* [EXERCISE DETAILS]:
In your reply, repeat every entry exactly and skip over each picture.

* [RECORDS TO PROCESS]:
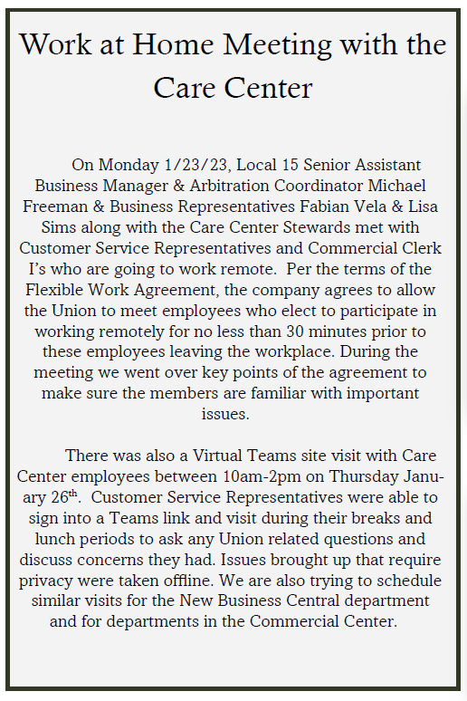 Union Office - (630) 515-0381 | Union Fax - (630) 515-0835
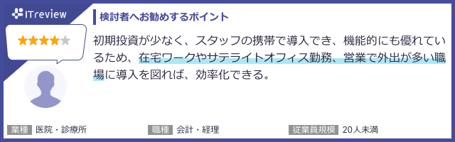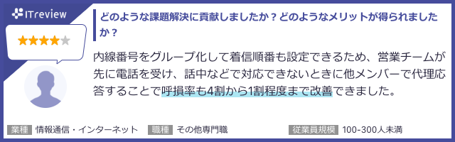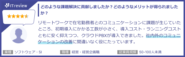 「トビラフォン Cloud」は「ITreview」で平均顧客満足度4.2を獲得しています(2022年7月21日時点)。当製品のご利用者様から実際に寄せられたレビューを一部ご紹介します。
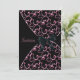 Convite de festa personalizado com redemoinhos cor-de-rosa e sobreposição preta com laço de cetim preto para festa de aniversário ou evento. Este modelo de design funciona bem como convite para festa de aniversário, coquetel, festa de feriado, festa de aposentadoria e qualquer outra ocasião especial. Personalize com sua escolha de estilo de fonte e cor da fonte, e cor do fundo.
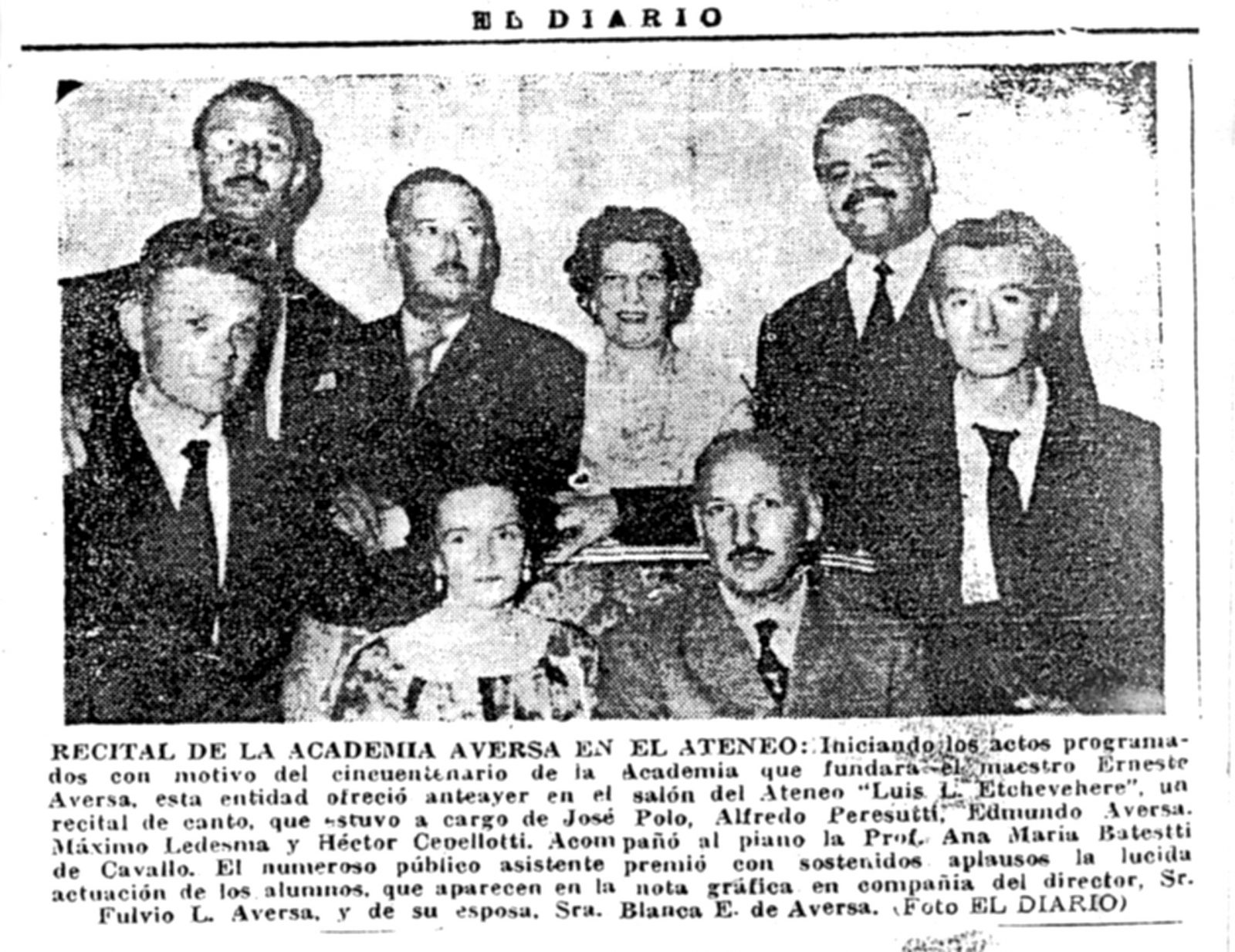 Por su parte Elio Leyes comentaba su experiencia de niño: “Sé que por estos días se va a rendir un homenaje a la memoria de Don Ernesto Aversa. Me asocio a él de todo corazón. Cuando niños, siendo profesor de música en la Escuela Centenario, supo formarnos el gusto artístico haciéndonos cantar trozos de óperas y lindas canciones que todavía, a pesar de los años, siguen encontrando ecos en nuestras almas. Recién, sin ir más lejos, oí de paso uno de coros de Cavallería Rusticana, y recordé, no sin emoción honda, que el profesor Aversa, dando él el ejemplo con su voz magnífica, nos la hacía entonar.
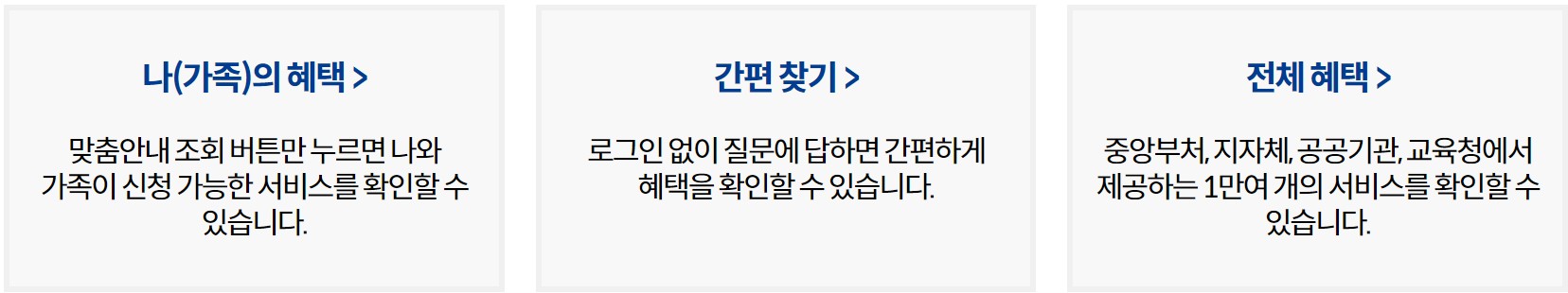 중앙부처, 지자체, 공공기관에서 현금, 현물, 바우처 이용권 등 약 1만여 개의 수혜서비스를 안내하고 이중 맞춤안내가 간음한 약 6천2백 여종의 서비스를 대상으로 나, 가족이 받을 수 있는 정부혜택을 한 번에 확인 및 신청을 할 수 있습니다.

* [EXPECTED ANSWER]:
 Union Office - (630) 515-0381 | Union Fax - (630) 515-0835
 「トビラフォン Cloud」は「ITreview」で平均顧客満足度4.2を獲得しています(2022年7月21日時点)。当製品のご利用者様から実際に寄せられたレビューを一部ご紹介します。
 Convite de festa personalizado com redemoinhos cor-de-rosa e sobreposição preta com laço de cetim preto para festa de aniversário ou evento. Este modelo de design funciona bem como convite para festa de aniversário, coquetel, festa de feriado, festa de aposentadoria e qualquer outra ocasião especial. Personalize com sua escolha de estilo de fonte e cor da fonte, e cor do fundo.
 Por su parte Elio Leyes comentaba su experiencia de niño: “Sé que por estos días se va a rendir un homenaje a la memoria de Don Ernesto Aversa. Me asocio a él de todo corazón. Cuando niños, siendo profesor de música en la Escuela Centenario, supo formarnos el gusto artístico haciéndonos cantar trozos de óperas y lindas canciones que todavía, a pesar de los años, siguen encontrando ecos en nuestras almas. Recién, sin ir más lejos, oí de paso uno de coros de Cavallería Rusticana, y recordé, no sin emoción honda, que el profesor Aversa, dando él el ejemplo con su voz magnífica, nos la hacía entonar.
 중앙부처, 지자체, 공공기관에서 현금, 현물, 바우처 이용권 등 약 1만여 개의 수혜서비스를 안내하고 이중 맞춤안내가 간음한 약 6천2백 여종의 서비스를 대상으로 나, 가족이 받을 수 있는 정부혜택을 한 번에 확인 및 신청을 할 수 있습니다.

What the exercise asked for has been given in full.